Baby (cradle), 1917/18, Gustav Klimt (left) reconsidered as a baby (cradle), 2020 (right) (photo: PA)

“My mother suggested doing something creative with Finn to include him, so I started art recreation, inspired by the paintings of dogs.

“He doesn’t have to be just a dog, it can be anything, so when he played Van Gogh with his mother and child, he was a baby.

“It has opened up a world of great photography opportunities.

“It’s nice to look at our work and see how many people are enjoying art without knowing it.

“Everyone should be able to enjoy art, and it would be great if I and Finn could do it for some people, and I’m excited.

“Australian Shepherd is a working variety, so I need to do it every day. I don’t live on a farm, so I do it. He absolutely loves it.”

Dateless handouts published by Eliza Reinhardt. During the lockdown, artist Eliza Reinhardt, along with her dog Finn, shows the painting

Cholmondeley Ladies, 1600-1610 (top) was reconsidered as The Reinhardt Ladies, 2020 (bottom) (Photo: PA)

To build the scene, Eliza makes some of her own props and uses her artistic background.
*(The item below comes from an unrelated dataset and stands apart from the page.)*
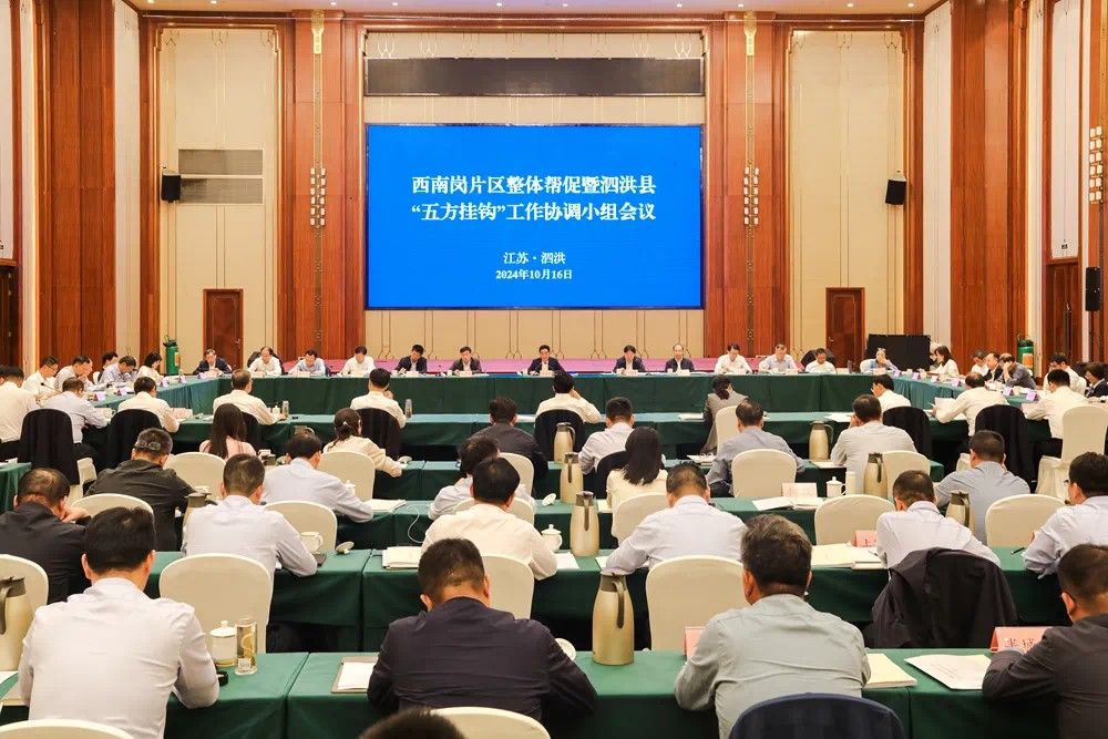 10月15日至16日,西南岗片区整体帮促暨泗洪县“五方挂钩”工作协调小组会议在泗洪县召开,省人大常委会副主任、党组副书记张爱军出席会议并讲话。西南岗片区整体帮促工作省级联席会议和泗洪县“五方挂钩”工作协调小组成员单位有关负责同志,淮安、宿迁市有关负责同志参加会议。会议由省人大常委会办公厅副主任祁相春主持。党委常委、副校长汪群,太阳集团选派的省委驻泗洪县乡村振兴工作队员出席会议。会上,张爱军充分肯定去年以...

She also uses things like fin toys to give her photos even more fun.

“Our work has a comedy twist, people are talking about our photographs and are unaware that they are analyzing incredible art for me,” she said.

“At one point, I recreated a picture of a girl preparing in front of a mirror, so I decided to put fins in place of her and switch hair and beauty products to fin brushes, toothpaste, and toys.

“It’s really exciting to do the little things that switch from copying it to reinterpreting it.”

Currently, Eliza and Finn have over 10,000 Instagram followers and get thousands of likes for every Facebook post.

The date of 1781 Henry Fuseli's painting

Nightmare, 1781 Henry Fuseli (left), artist Eliza Reinhardt, along with dog Finn, reconsidered as Nightmare in 2020 (right) (Photo: PA)

Eliza said:’I didn’t expect this little project to be this big online. It’s crazy – at first it was just for my friends and family. “

She added: “I’ve always felt that talking about art has a strange stigma, but it gives everyone access to art.

“We get a lot of messages from people who are doing daily rituals with their children to see our daily pictures. This is great.

“It’s great to have kids enjoy this kind of thing, and it’s a baby’s step towards seeing other art.

“Some people in the community are like art, others are like dogs.”

Finn also looks happy since he started the project, so Eliza wants the project to last as long as possible.

“The advantage other than me who enjoys making these pictures is that the fins are also improved,” she explained.

“He loves to do that. He won’t leave my side until the next photo is taken every morning.

“I’m always so excited after he finishes each photo, so I wish people could see him do it. He shook his tail and gave me a high five. Give.

“I hope there is enough art in the world to continue this with him because he loves it so much that he can’t spend the day without it.”